Task objective » Copy all entries exactly, and wherever an entry holds a picture, leave that picture out.

Data extracts »
# # # # # # #
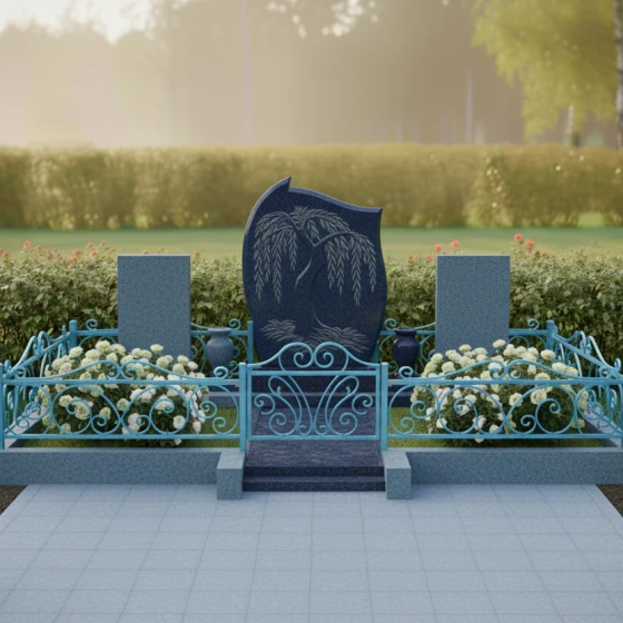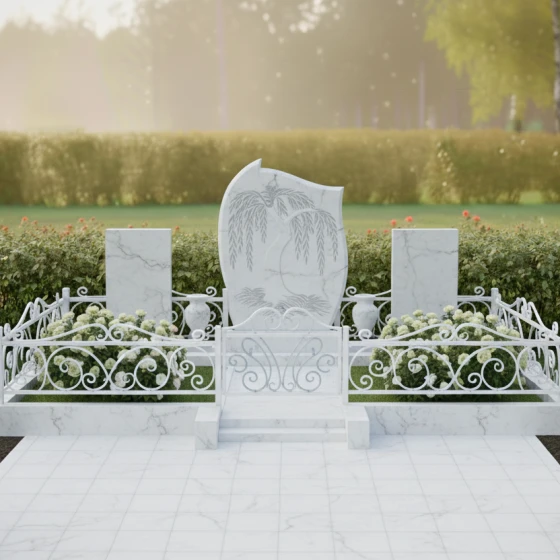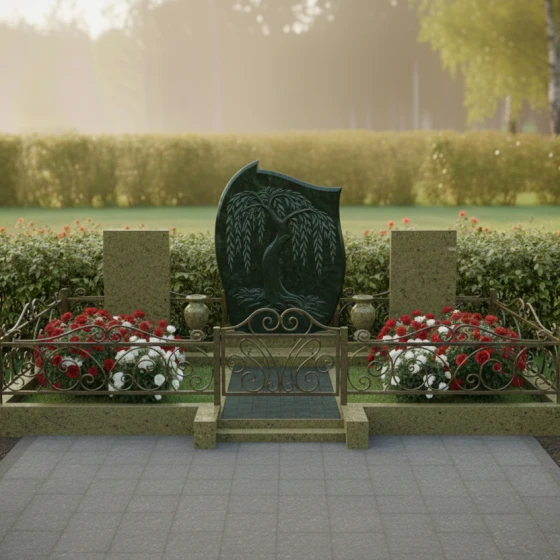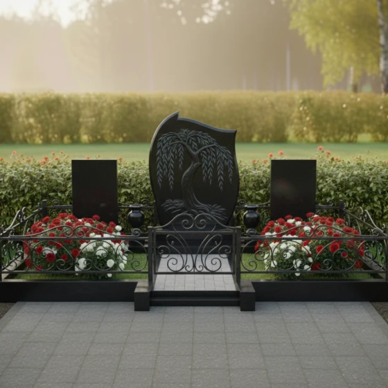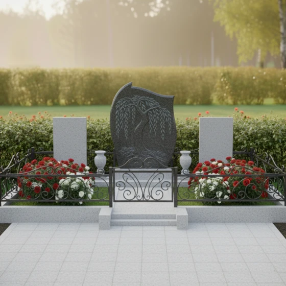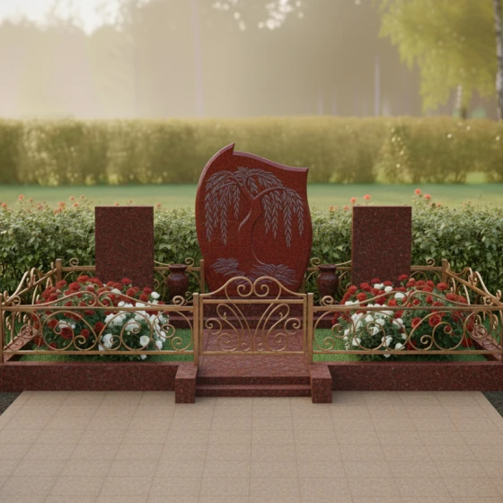 Кому подойдет: Это архитектурное решение идеально для оформления родового или семейного захоронения на трех человек. Благодаря сочетанию плавных изгибов центральной стелы и строгих линий боковых элементов, монумент выглядит универсально — он одинаково уместен как для выражения скорби по женщине (через мягкие формы и символику ивы), так и для почитания памяти мужчин, чья жизнь была опорой семьи. Мемориальная композиция станет достойным символом преемственности поколений и вечной памяти, воплощенной в благородном камне.
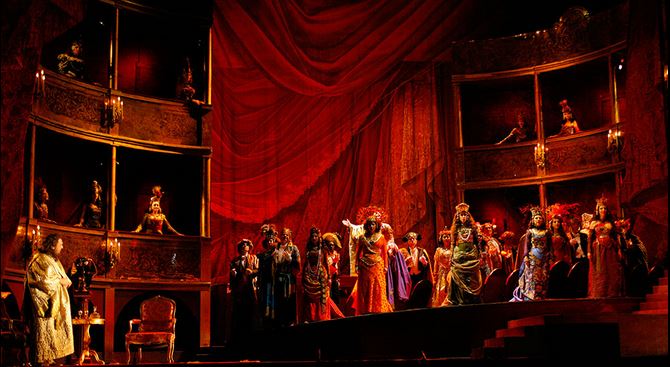 L'éblouissante production de Nicola Raab, car elle vous éblouit, littéralement, par ses ors, ses cramoisis et ses pourpres, enchante et convainc. Les décors et costumes de Johan Engels nous plongent dans un monde de panneaux décoratifs, de posters, ceux d'Orazi, bien sûr, mais aussi ceux de Muchat ou de Chéret. A l'Acte II nous ne sommes plus chez Thaïs mais chez l'orientaliste Loti. La mise en situation de Raab, un brin ésotérique (qui sont donc ces messieurs en frac et hauts-de-forme à l'Acte III ?…. et pourquoi cette robe de mariée au final ? … pour que nous comprenions bien que notre courtisane a épousé le Christ ? Pour nous rappeler la Sanderson ?) sait cependant interpeller.
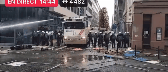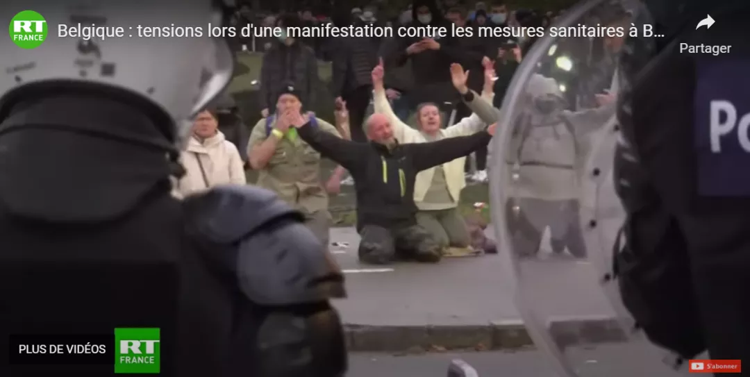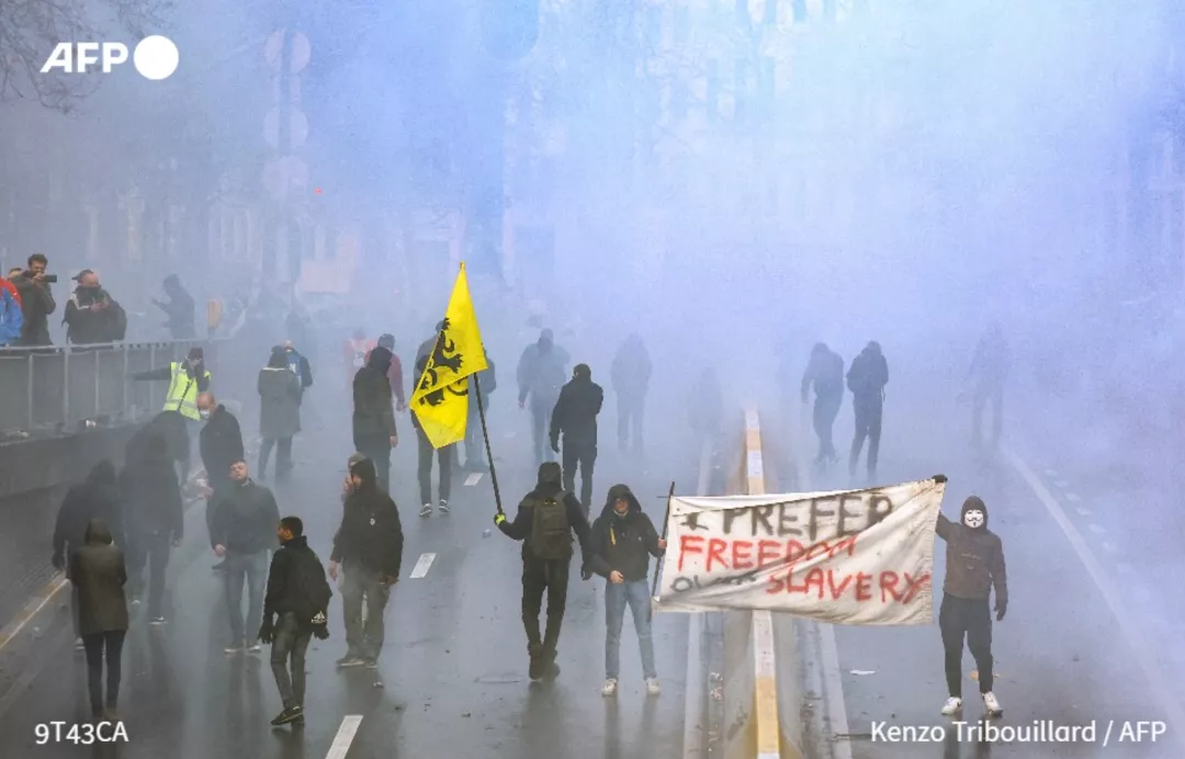 21日,**在比利時首都布魯塞爾,近3.5萬人參加名為“一同為了自由”(Together for Freedom)示威活動,以抗議防疫限制。**示威現場,抗議者和警方衝突不斷。
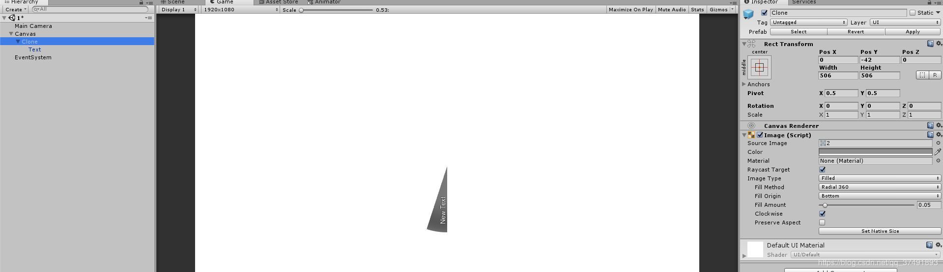 然后做一个预制体,图片就是圆形图片,image type选择filled,fill amount控制这个图片的面积大小,同时也是该图片的概率,Text组件是该奖品的名称。
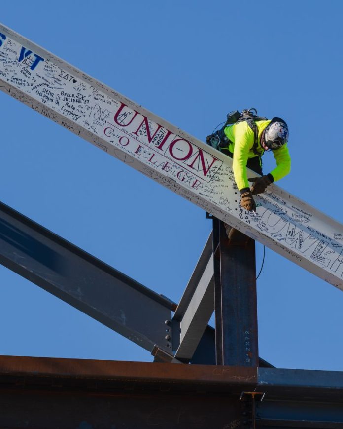 The final steel beam has been placed atop the Engineering and Computer Science Initiative (ECSI) building at Union College in Schenectady, featuring signatures from students, faculty and staff in a tradition that celebrates the collaboration behind the project’s construction.
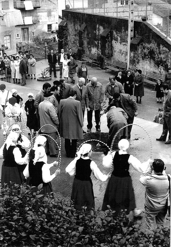 Jose Mª Makua, Anton Aurre eta Joseba Arregi agintariak besteak beste, arta arbola zaharraren landare barria jartzen eleizpe aurrean.
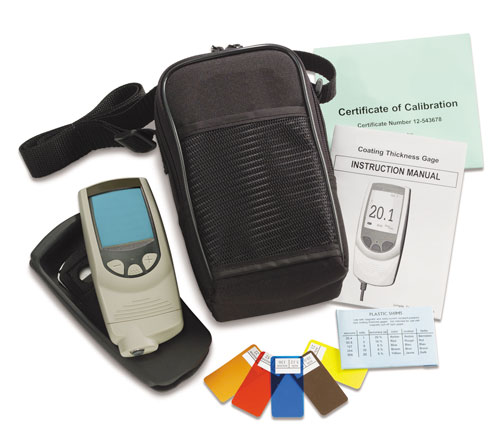 TODOS los medidores se suministran como un kit completo que incluye cuñas plásticas de precisión, funda protectora de goma con clip para cinturón, correa para la muñeca, 3 pilas alcalinas AAA, manual de instrucciones, estuche de nailon con correa para el hombro, protector de lente, Certificado de Calibración en formato extendido con trazabilidad al NIST, cable USB y una garantía de dos (2) años.
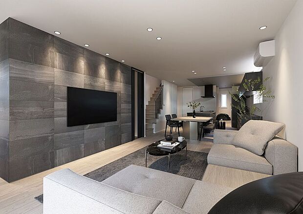質感豊かなリビングのアクセントウォールと調和し、落ち着きのある家族の憩いの場を演出。ゆとりとくつろぎが織成すファミリー空間。
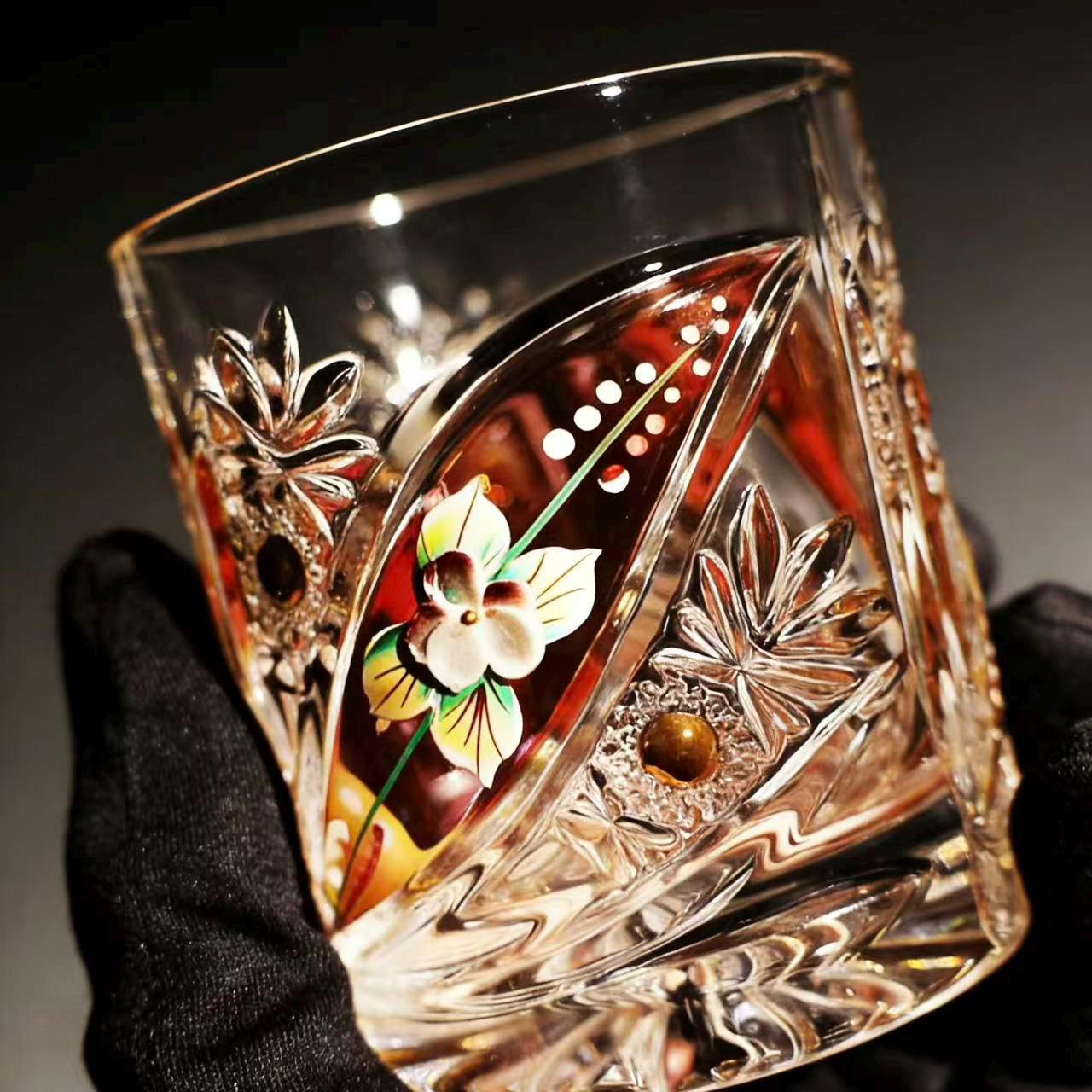 Inspired by the delicate beauty of floral blooms and traditional Edo Kiriko craftsmanship, this glass merges hand-carved leaf & star patterns with hand-painted enamel flowers. The vivid red background and colorful floral details refract light into a warm, artistic glow against the clear crystal base, perfectly matching Western luxury home bar aesthetics.
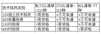 从以上表格可见,如果您的职业在MLTSSL清单中,您将有资格选择所有的技术移民类别,这也就是为什么我们对于移民局这次增加36种职业倒M清单如此的欢欣雀跃。
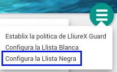 Per a accedir a la configuració de la llista negra, hem de polsar el botó de les tres línies, ubicat en la part superior dreta i seleccionar l'opció Configura la llista negra.
# # # # # # #
Final answer »
 Кому подойдет: Это архитектурное решение идеально для оформления родового или семейного захоронения на трех человек. Благодаря сочетанию плавных изгибов центральной стелы и строгих линий боковых элементов, монумент выглядит универсально — он одинаково уместен как для выражения скорби по женщине (через мягкие формы и символику ивы), так и для почитания памяти мужчин, чья жизнь была опорой семьи. Мемориальная композиция станет достойным символом преемственности поколений и вечной памяти, воплощенной в благородном камне.
 L'éblouissante production de Nicola Raab, car elle vous éblouit, littéralement, par ses ors, ses cramoisis et ses pourpres, enchante et convainc. Les décors et costumes de Johan Engels nous plongent dans un monde de panneaux décoratifs, de posters, ceux d'Orazi, bien sûr, mais aussi ceux de Muchat ou de Chéret. A l'Acte II nous ne sommes plus chez Thaïs mais chez l'orientaliste Loti. La mise en situation de Raab, un brin ésotérique (qui sont donc ces messieurs en frac et hauts-de-forme à l'Acte III ?…. et pourquoi cette robe de mariée au final ? … pour que nous comprenions bien que notre courtisane a épousé le Christ ? Pour nous rappeler la Sanderson ?) sait cependant interpeller.
 21日,**在比利時首都布魯塞爾,近3.5萬人參加名為“一同為了自由”(Together for Freedom)示威活動,以抗議防疫限制。**示威現場,抗議者和警方衝突不斷。
 然后做一个预制体,图片就是圆形图片,image type选择filled,fill amount控制这个图片的面积大小,同时也是该图片的概率,Text组件是该奖品的名称。
 The final steel beam has been placed atop the Engineering and Computer Science Initiative (ECSI) building at Union College in Schenectady, featuring signatures from students, faculty and staff in a tradition that celebrates the collaboration behind the project’s construction.
 Jose Mª Makua, Anton Aurre eta Joseba Arregi agintariak besteak beste, arta arbola zaharraren landare barria jartzen eleizpe aurrean.
 TODOS los medidores se suministran como un kit completo que incluye cuñas plásticas de precisión, funda protectora de goma con clip para cinturón, correa para la muñeca, 3 pilas alcalinas AAA, manual de instrucciones, estuche de nailon con correa para el hombro, protector de lente, Certificado de Calibración en formato extendido con trazabilidad al NIST, cable USB y una garantía de dos (2) años.
質感豊かなリビングのアクセントウォールと調和し、落ち着きのある家族の憩いの場を演出。ゆとりとくつろぎが織成すファミリー空間。
 Inspired by the delicate beauty of floral blooms and traditional Edo Kiriko craftsmanship, this glass merges hand-carved leaf & star patterns with hand-painted enamel flowers. The vivid red background and colorful floral details refract light into a warm, artistic glow against the clear crystal base, perfectly matching Western luxury home bar aesthetics.
 从以上表格可见,如果您的职业在MLTSSL清单中,您将有资格选择所有的技术移民类别,这也就是为什么我们对于移民局这次增加36种职业倒M清单如此的欢欣雀跃。
 Per a accedir a la configuració de la llista negra, hem de polsar el botó de les tres línies, ubicat en la part superior dreta i seleccionar l'opció Configura la llista negra.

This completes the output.